The four blood test and anthropometric models outperformed the commonly used nonlaboratory models, the FINDRISC and the GDRS. We suggest that our models be used as tools for decision-makers to assess populations at elevated T2D risk and thus improve medical strategies. These models might also provide a personal catalyst for changing lifestyle, diet, or medication modifications to lower the risk of T2D onset.
The funders had no role in study design, data collection, interpretation, or the decision to submit the work for publication.

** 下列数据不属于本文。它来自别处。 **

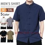 チャイナ服 男性用 メンズ チャイナシャツ カンフーシャツ 半袖 無地 カジュアルシャツ おしゃれ トップス バンドカラー 父の日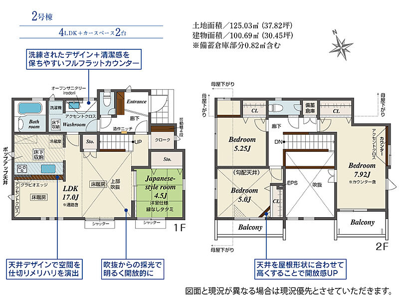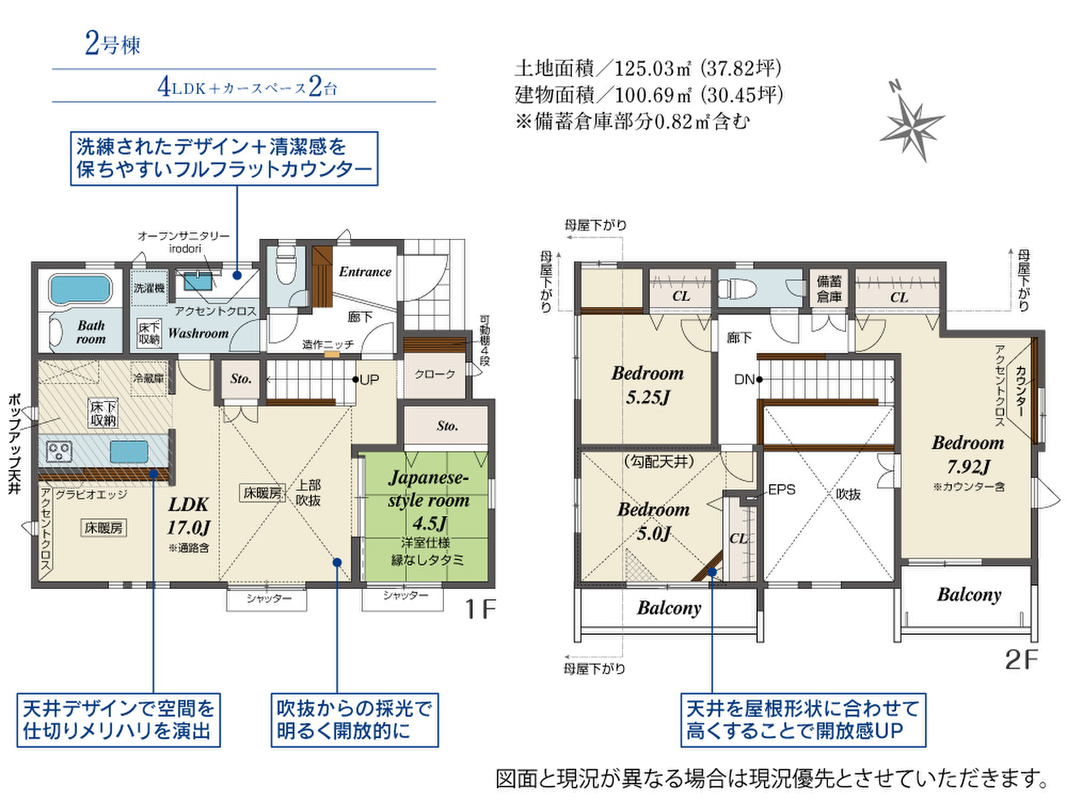 2号棟 間取り 4LDK 価格 6490万円 建物面積 100.69m2(備蓄倉庫部分0.82m2含む) 土地面積 125.03m2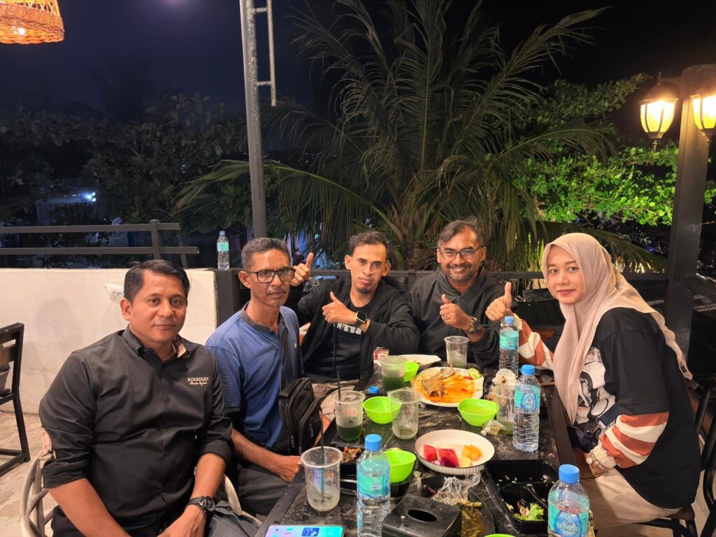 Suasana keakraban tampak menyelimuti meja panjang saat azan maghrib berkumandang. Sambil menikmati hidangan khas berbuka, para kru juga terlihat berdiskusi ringan mengenai perkembangan media digital di wilayah Aceh Utara dan Lhokseumawe.

根据国际糖尿病联合会的数据,2 型糖尿病(T2D)约占所有糖尿病病例的 90%,导致 2021 年约有 670 万人死亡。通过改变生活方式、饮食或药物,早期发现有发生 T2D 风险的患者,可以降低疾病的发病率。由于社会经济地位较低的人群更容易患 T2D,而且可能资源有限或无法获得复杂的计算资源,因此需要准确且易于使用的预测模型。
在这项研究中,我们分析了来自 44709 名年龄在 40-69 岁之间的非糖尿病 UK Biobank 参与者的数据,预测在选定时间段内(平均 7.3 年,标准差为 2.3 年)发生 T2D 发病的风险。我们首先从 798 个特征开始,这些特征被确定为 T2D 发病的潜在预测因子。我们使用梯度提升决策树、生存分析和逻辑回归方法分析了数据。我们设计了一个面向普通人群的非实验室模型和一个更精确但简单的模型,该模型利用实验室测试。我们将两个模型简化为易于使用的记分卡形式,在正常血糖和前期糖尿病亚队列中测试了模型,并将结果与普通队列的结果进行了比较。我们使用以下协变量建立了非实验室模型:性别、年龄、体重、身高、腰围、臀围、腰臀比和体重指数。对于实验室模型,我们使用年龄和性别以及四项常见血液测试:高密度脂蛋白(HDL)、γ-谷氨酰转移酶、糖化血红蛋白和甘油三酯。作为外部验证数据集,我们使用了 Clalit 健康服务的电子病历数据库。
非实验室记分卡模型的受试者工作特征曲线下面积(auROC)为 0.81(95%置信区间 [CI] 0.77-0.84),上五分位数与第五五分位数之间的比值(OR)为 17.2(95%CI 5-66)。使用该模型,我们将风险人群分为三个风险组,一组的发病风险为 1%(0.8-1%),一组为 5%(3-6%),第三组的发病风险为 9%(7-12%)。我们进一步分析了实验室模型的贡献,并设计了一个基于年龄、性别和上述四项常见血液测试的血液测试模型。在这个记分卡模型中,我们纳入了年龄、性别、糖化血红蛋白(HbA1c%)、γ-谷氨酰转移酶、甘油三酯和高密度脂蛋白胆固醇。使用这个模型,我们得到了 auROC 为 0.87(95%CI 0.85-0.90)和十等分位数 OR 为 48(95%CI 12-109)。使用这个模型,我们将队列分为四个风险组,其风险分别为:0.5%(0.4-7%);3%(2-4%);10%(8-12%);高风险组为 23%(10-37%)。当我们在外部验证队列(Clalit)中使用血液测试模型时,我们得到了 auROC 为 0.75(95%CI 0.74-0.75)。我们分析了几个额外的综合模型,这些模型包括基因分型数据和其他环境因素。我们发现,与四项血液测试模型相比,这些模型并没有带来成本效益的优势。常用的德国糖尿病风险评分(GDRS)和芬兰糖尿病风险评分(FINDRISC)模型,使用我们的数据进行训练,得到的 auROC 分别为 0.73(0.69-0.76)和 0.66(0.62-0.70),低于四项血液测试模型和人体测量模型的结果。
四项血液测试和人体测量模型优于常用的非实验室模型,包括 FINDRISC 和 GDRS。我们建议将我们的模型用作决策者评估高 T2D 风险人群的工具,从而改善医疗策略。这些模型也可能为改变生活方式、饮食或药物治疗以降低 T2D 发病风险提供个人动力。
资助者在研究设计、数据收集、解释或提交工作以供发表方面没有作用。